How does the work increase when we handle more rows with inconsistent values?
Analyze the time complexity of the following code snippet.
import pandas as pd
data = pd.DataFrame({
'color': ['Red', 'red', 'RED', 'Blue', 'blue', 'BLUE'] * 1000
})
data['color_clean'] = data['color'].str.lower()
This code fixes inconsistent capitalization by converting all color names to lowercase.
Identify the loops, recursion, array traversals that repeat.
- Primary operation: Applying the
str.lower()method to each string in the column. - How many times: Once for every row in the DataFrame.
Each new row adds one more string to convert to lowercase, so the work grows steadily with the number of rows.
| Input Size (n) | Approx. Operations |
|---|---|
| 10 | 10 lowercase conversions |
| 100 | 100 lowercase conversions |
| 1000 | 1000 lowercase conversions |
Pattern observation: The work grows directly in proportion to the number of rows.
Time Complexity: O(n)
This means the time to fix inconsistent values grows linearly as the data size grows.

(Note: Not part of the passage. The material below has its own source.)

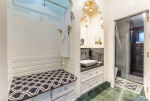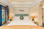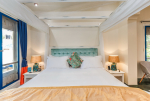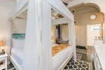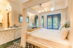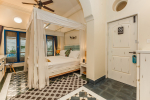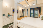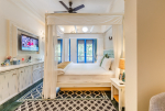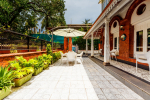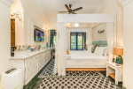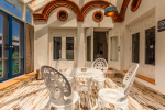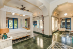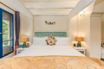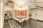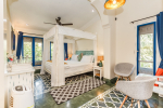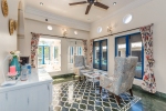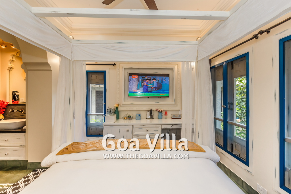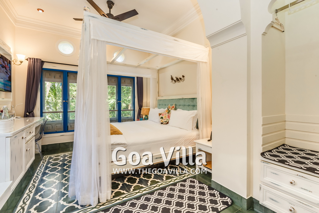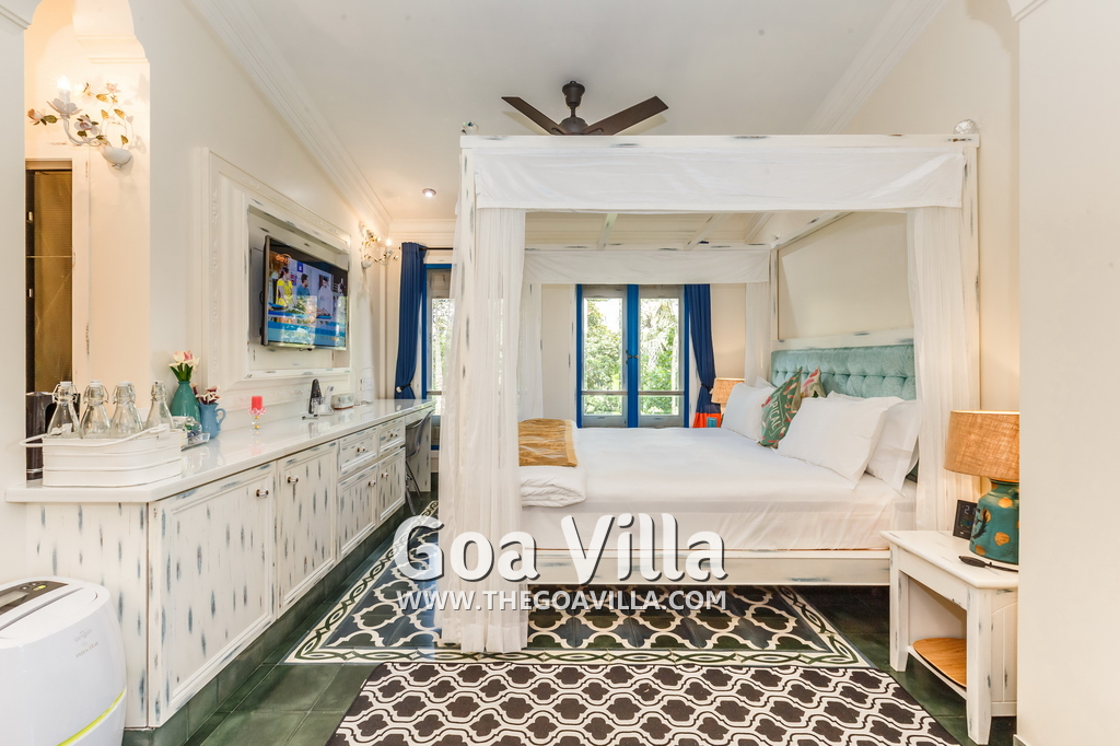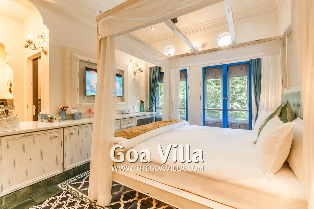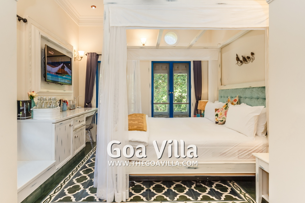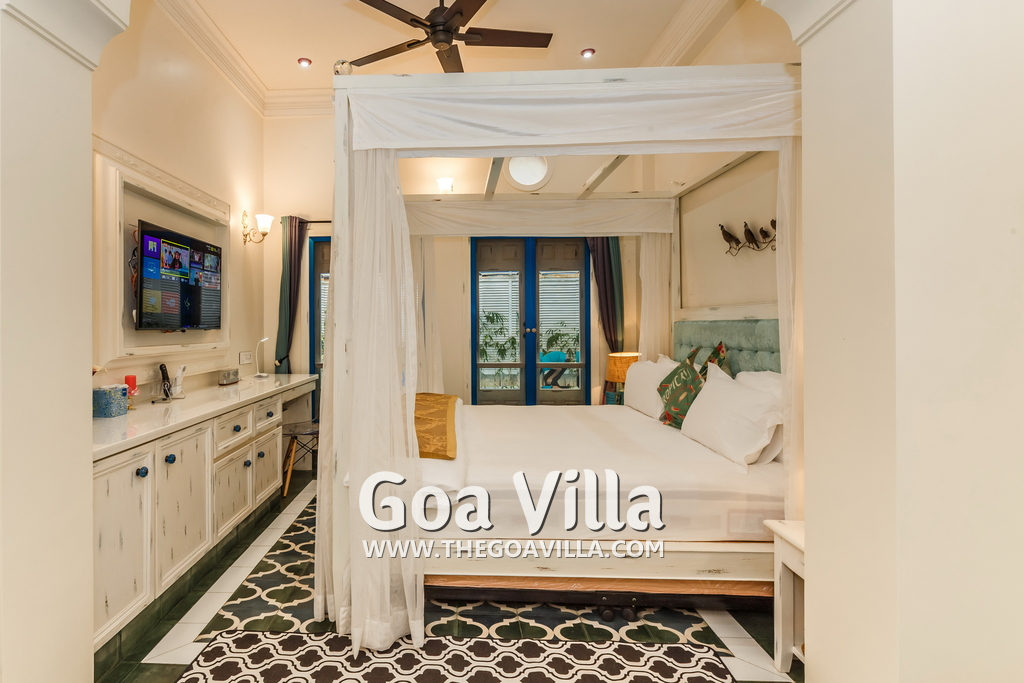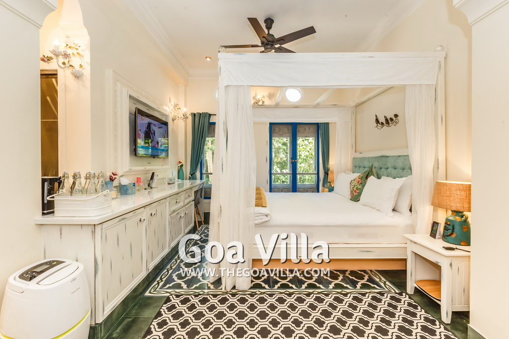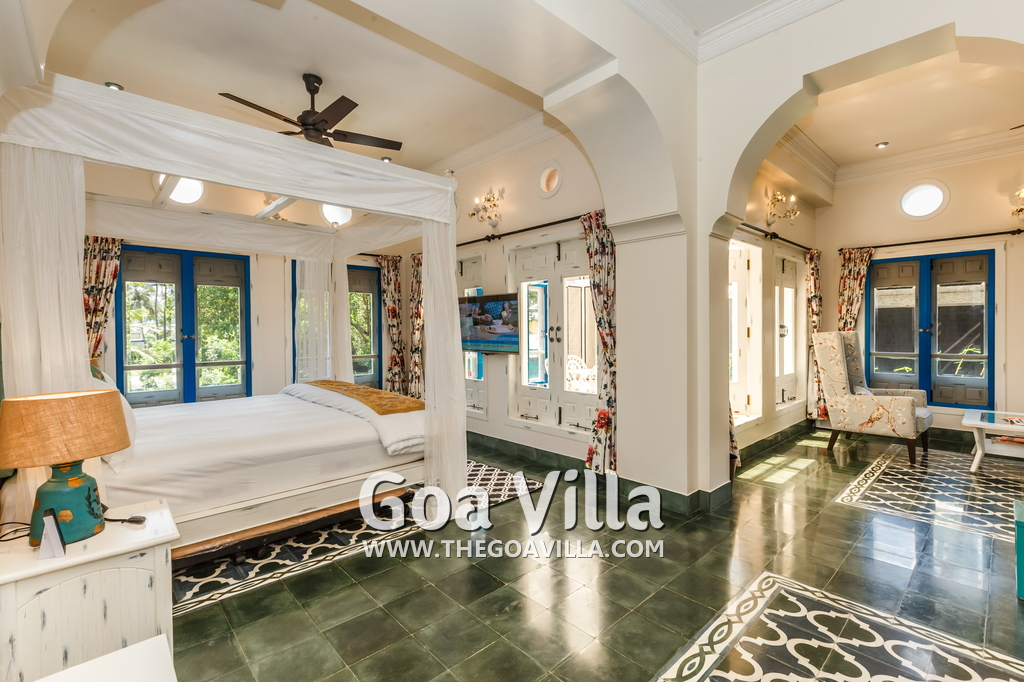 This is a beautiful 5-bedroom boutique property at Candolim in North Goa. It has a traditional Portuguese-Goan architecture and bespoke interiors. Stunning interiors come with many artifacts. Soft colors on the walls and tasteful decorations make this a stunning house for a vacation in Goa. The villa has a fully-equipped bar, kitchen, wine chiller, business center, rooftop terrace, private swimming pool, patio, and garden. It is a great place to stay for a group in a top location in Goa.
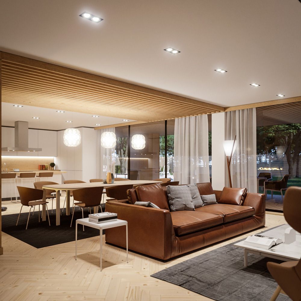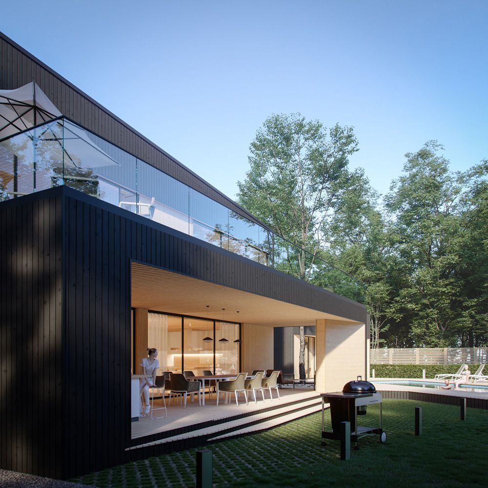 Основной идей было создать строгий, лаконичный дом, отвечающий основным тенденциям современной архитектуры, но при этом притягивающий своей природностью и экологичностью.

[X] Wrong: "Fixing inconsistent values takes the same time no matter how many rows there are."
[OK] Correct: Each row needs to be checked and fixed, so more rows mean more work and more time.
Understanding how data cleaning steps scale helps you explain your approach clearly and shows you think about efficiency in real projects.
"What if we used a function that checks and replaces values only if they are inconsistent? How would the time complexity change?"